◆ Available data:
◇ ◇ ◇ ◇ ◇

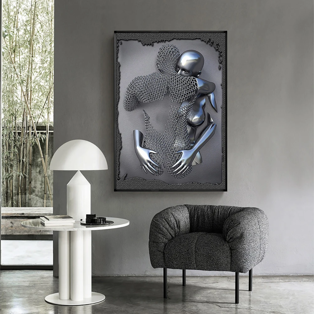 3D визуальные золотые серебряные настенные картины металлические современные скандинавские персонализированные картины на холсте для интерьера домашний декор
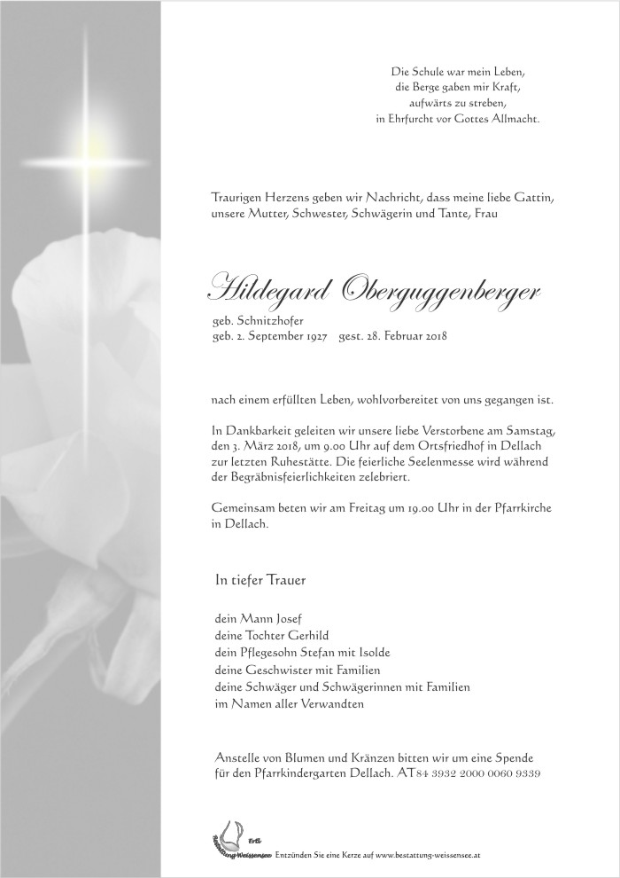 Neue Kerze für Hildegard Oberguggenberger entzünden.
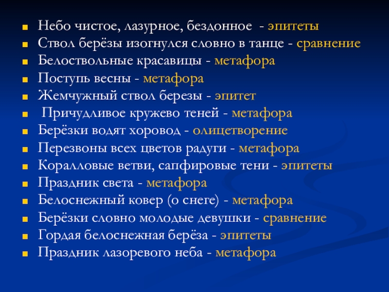 Слайд 20Небо чистое, лазурное, бездонное - эпитеты

◇ ◇ ◇ ◇ ◇

◆ Your task: Pictures aside, please output the whole listing exactly as it appears above.

◆ Expected output:
 3D визуальные золотые серебряные настенные картины металлические современные скандинавские персонализированные картины на холсте для интерьера домашний декор
 Neue Kerze für Hildegard Oberguggenberger entzünden.
 Слайд 20Небо чистое, лазурное, бездонное - эпитеты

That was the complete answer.